Hi,

Ryan Moquin wrote:
> So in that case, hopefully you won't mind if I pick your brain for a 
> different solution.  If I'm not able to filter in order to separate 
> entities based on a specific attribute, what other options do I have?

The features you are requesting are already prepared in the trunk 
version of OpenLayers, except for the labelling. This will be included 
in Mapbuilder, but not yet for the upcoming release -- we do not have 
enough manpower to accomplish it. Having said that, developers willing 
to contribute are always welcome.

But this won't help you at the moment. Your options are to either drop 
all the goodies that Mapbuilder gives you as an application building 
framework, and use the OpenLayers mapping library directly. Or you do 
your stuff on the server side, which is much easier than you think (and 
I will explain below why).

>   I know you said I can add a datasource and do it through geoserver, 
> but I'm trying to avoid having a separate database to keep in sync 
> with my main database.

You do not have to sync anything. Geoserver as well as Mapserver can 
connect to most database systems (like MySQL, PostgreSQL/PostGIS, Oracle 
Spatial). You can configure the server to use your lat and lon columns 
to get the geographic information from.

>   Some of my features will be changing on a fairly frequent basis and 
> it would be more expensive to have to keep updating the database on 
> top of having the client refresh frequently enough.

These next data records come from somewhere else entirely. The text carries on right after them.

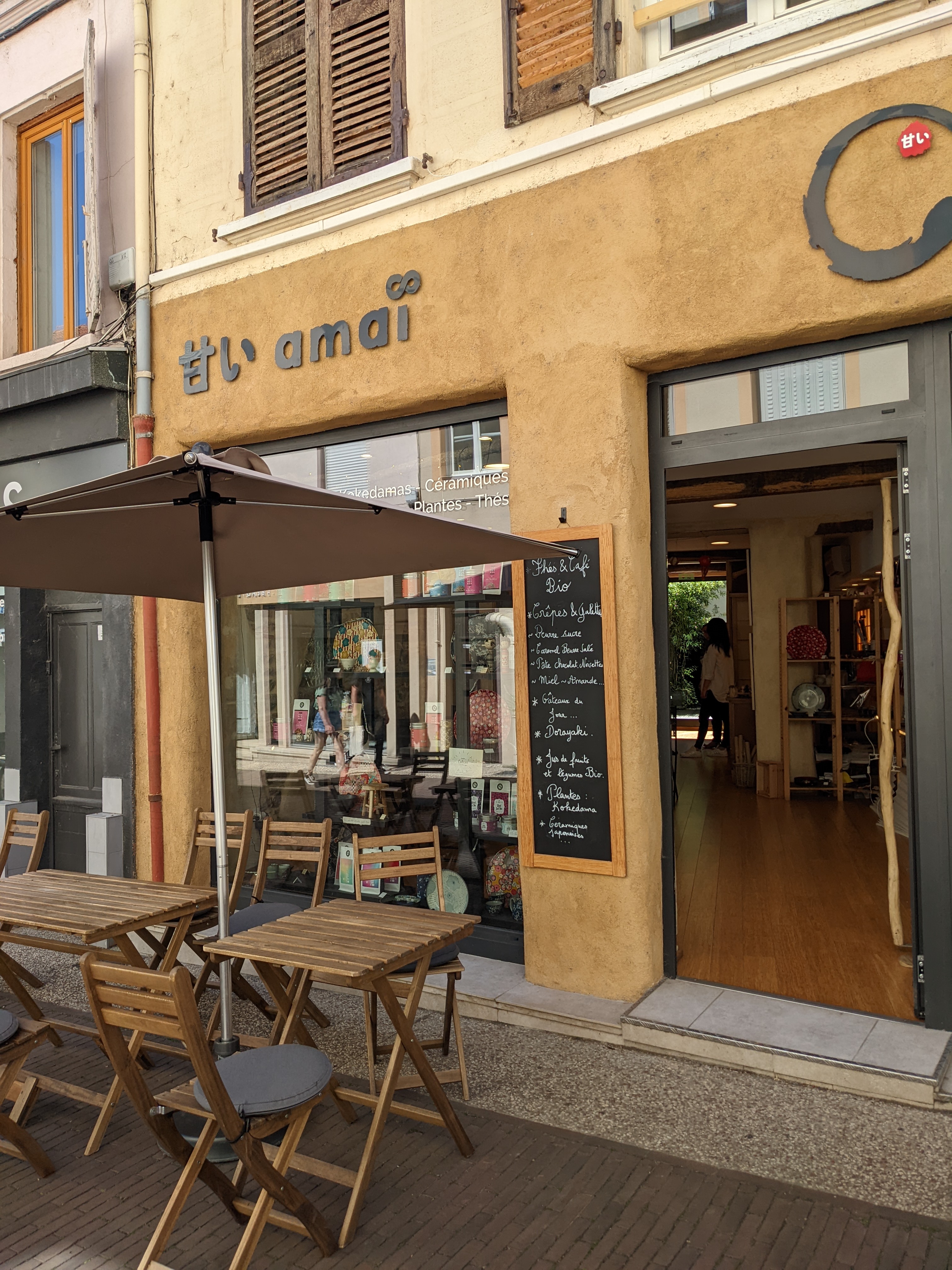 Quel doux moment passé au Amaï, en terrasse, une belle après-midi d'été indien, dans une rue piétonne quasi déserte. Un thé raffiné (super green), accompagné pour mon plus grand plaisir d'un gâteau maison sans gluten et sans lactose. Rare gourmandise pour moi, qui suis intolérante. Sans oublier l'accueil très agréable.
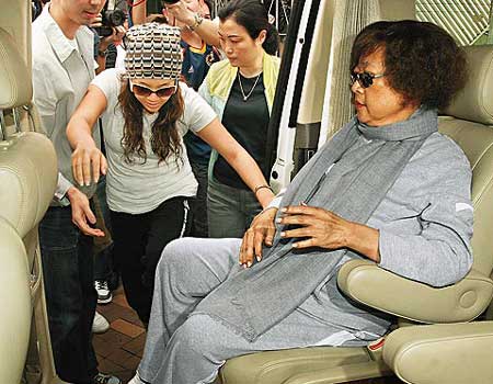 重視外表的肥肥,這次外出刻意打扮年輕,戴上墨鏡、假發(fā),并穿著運(yùn)動服、運(yùn)動鞋、披上圍巾,不過墨鏡下,仍可見到她面容略顯憔悴,手背也因打針而烏青,光10個階梯她便走得十分費(fèi)力,鄭欣宜必須半推半扶,她才能順利走進(jìn)發(fā)廊。經(jīng)過1個多小時的“整頓”,肥肥步出發(fā)廊時煥然一新,不但原本扁塌的假發(fā)變挺,黃臉也因上了妝而變得粉嫩,當(dāng)她上車時,親友又一字排開高喊:“讓開,別擋路!”接著一行人浩浩蕩蕩返回肥肥劍橋花園寓所。
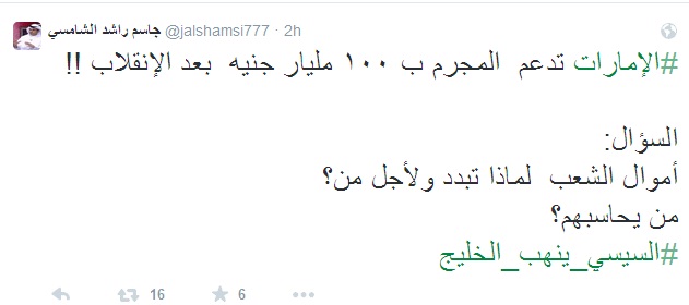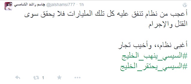 استنكر الكاتب والناشط الإماراتي جاسم راشد الشامسي دعم الخليج لقائد الانقلاب العسكري عبدالفتاح السيسي في المؤتمر الاقتصادي، قائلا: "أعجب من نظام تنفق عليه كل تلك المليارات فلا يحقق سوى القتل والإجرام.. أغبى نظام،، وأخيب تجار".
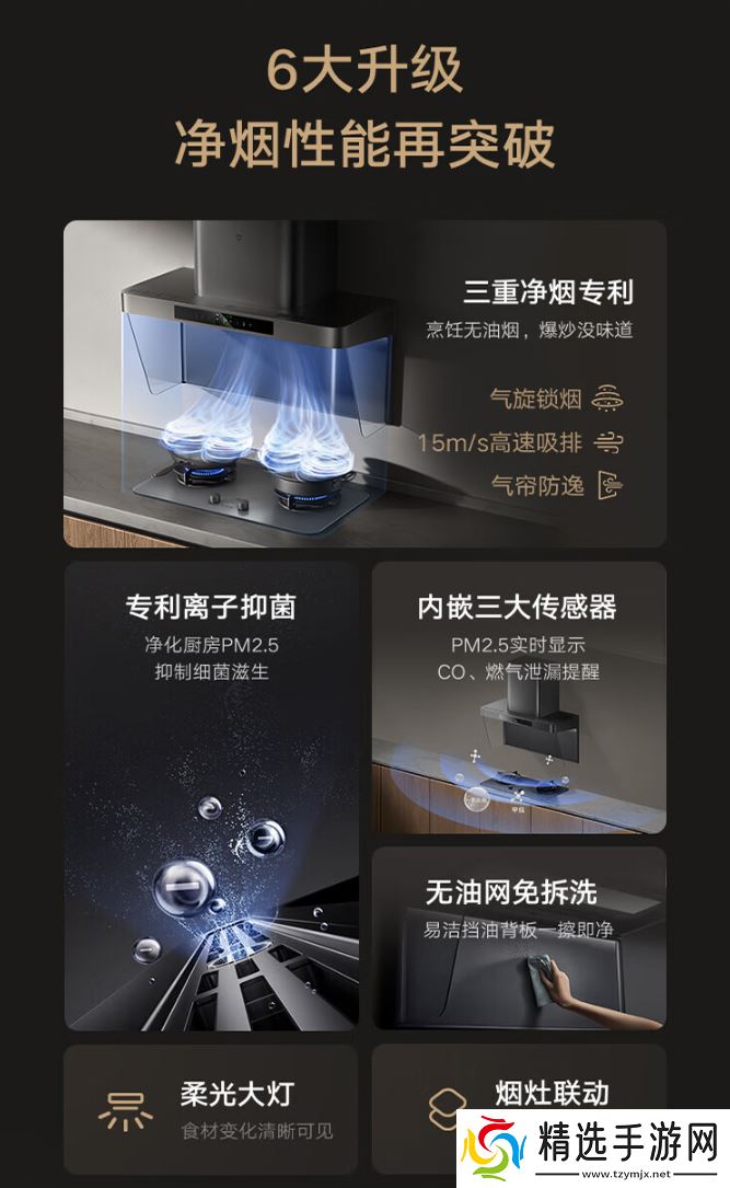 这款产品具备一字型吸风口,支持 1100Pa 静压自动巡航,可提供 15m/s 高速后倾气流,风速较前代产品增强 25%;支持双防逸气帘、四涡捕集气旋,在锅具上方形成四涡气旋,从源头锁住油烟、PM2.5 等有害微粒。

I guess you would persist your features to your database anyway. All you 
have to do is refresh the layer after persisting, which -- assuming that 
you might have a few hundred features -- is usually quicker if you let 
it render by Mapserver/Geoserver and just retrieve the image instead of 
doing vector rendering in the browser.

>   so if you have several entities that could be in various states, so 
> you make a featurecollection in mapbuilder for each state for each 
> entity?  Seems like a lot to manage, since you are also then stuck 
> having to use a modelmerge in order to get any interaction with the 
> different entities.  Is there anyway to change an icon for a feature 
> without writing them to a geodatabase based on an attribute?

You could set a new style using the OpenLayers API and then redraw the 
feature, also using the OpenLayers API. If you only need to do that for 
one feature at a time, you can also issue a WFS GetFeature request for 
just that feature and draw it on top of the raster image.

>   Is it expensive to write these things to a geodatabase?

You do not need a geodatabase at all, and if you would persist these 
things to your database anyway, there is no additional cost. If you just 
want to have it on the client, you can still do the GetFeature thing for 
selected features.

> Is there something I'm not considering as a best practice for this?  
> I'm a bit of a GIS rookie and am not sure what the best way to handle 
> this is, am I maybe approaching it wrong?

Think more in terms of OGC services. WMS and WFS can play together well. 
Render your map using WMS, and retrieve the features you actually want 
to work with using WFS, placing them on top of the WMS image using 
either GmlRendererOL, a WFS layer with filter.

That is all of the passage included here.